Caroline Calloway Said Her New Book “Scammer” Is “So Profitable"

Also in this week's newsletter: I can't stop scrolling through this woman's feed of extremely cute snacks.

A stay-at-home mom makes these perfectly polished and extremely kawaii treats on Instagram for fun

I can’t stop scrolling through this Danish woman’s food art Instagram feed. It’s so crafty, and cute, and just cartoony enough to be the perfect kind of escapism I need during the dead of winter in Chicago.

More remarkably, I discovered that the woman behind the account (@foodbites) is a 41-year-old stay-at-home mom of three children in Denmark. She told me the account started off entirely as “a hobby” and remains one to this day.

Her name is Sine, and she wants to remain as anonymous as possible. She started @Foodbites in 2016 to motivate herself to eat healthier. It currently has over 322,000 followers.

“My first [of] many photos were of salads and smoothies,” she said. “Over time it evolved into the food art feed that it is today.”

I discovered Sine’s account like many people do: via the Discover tab. I thought, Surely this is some passion project of a food styler or industry pro. But while Sine has a background in advertising, she has no professional training in food design.

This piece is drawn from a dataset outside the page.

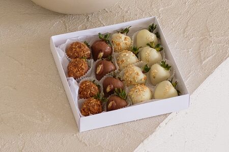 Клубника в бельгийском шоколаде (16 шт.), бокс (20х20 см), брендированная лента
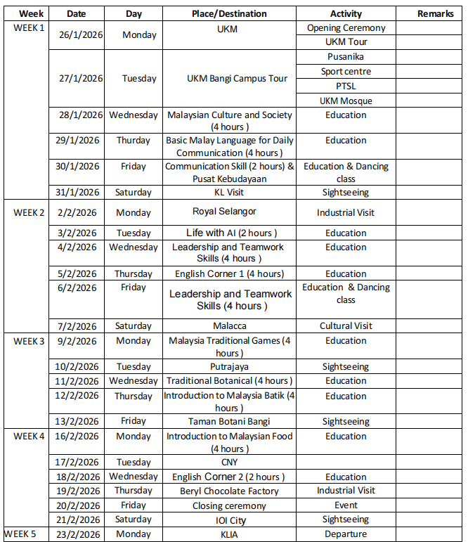 【住宿】 全程居住在UKM校内的员工公寓(双人间)。

“I guess through lots of trial and error I have learned what works and what doesn’t. So I’m self-taught, you could say,” she told me.

Sine has done a few sponsored posts in the past. However, she has no plans to make her account a full-time job. She said beyond all else, it’s the “friendships” and “the extremely positive” community she’s gained that have been the best part of the account.

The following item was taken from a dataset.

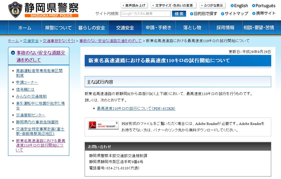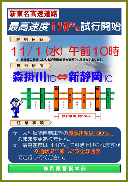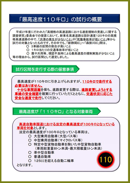 静岡県警がpdfファイルで用意した『最高速度110キロ試行』のパンフレット全4枚。

“Nothing makes me happier than receiving messages from a mom saying she and her kids love scrolling through my feed together,” Sine said. “Or that they’ve made something for a birthday party inspired by me and it was a success.

“Above all, I hope my feed makes people smile, whether they are a follower or a passer-by.”

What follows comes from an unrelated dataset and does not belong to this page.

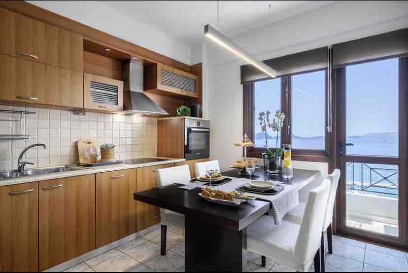 Appartement indépendant, dans une maison moderne au cœur du village de Pylos. Très belle vue sur la baie de NAVARINO depuis la terrasse de 4mX8m, piscine de 3m X 3m.(Non sécurisée) L’appartement construit en 2022, tout le confort, double vitrage, climatisation, ventilation mécanique, wc japonnais. Commerces et place principale à 10 mn à pieds. Baignade dans la magnifique baie de Pylos à 15mn à pieds. Nombreuses plages à moins de 30mn en voiture. Golf international de NAVARINO à 20 mn.

Here’s a challenge: Scroll through her feed and try not to crack a smile or a squee. If this doesn’t do it for you, alright, go back to Twitter.

—Tanya Chen

Caroline Calloway answers my questions about her book Scammer

Last week, Stephanie had the chance to chat on the phone with Caroline Calloway about her upcoming self-published book, Scammer. Here’s what she said (her answers have been edited for clarity and length).

Why did you decide to write Scammer and why now?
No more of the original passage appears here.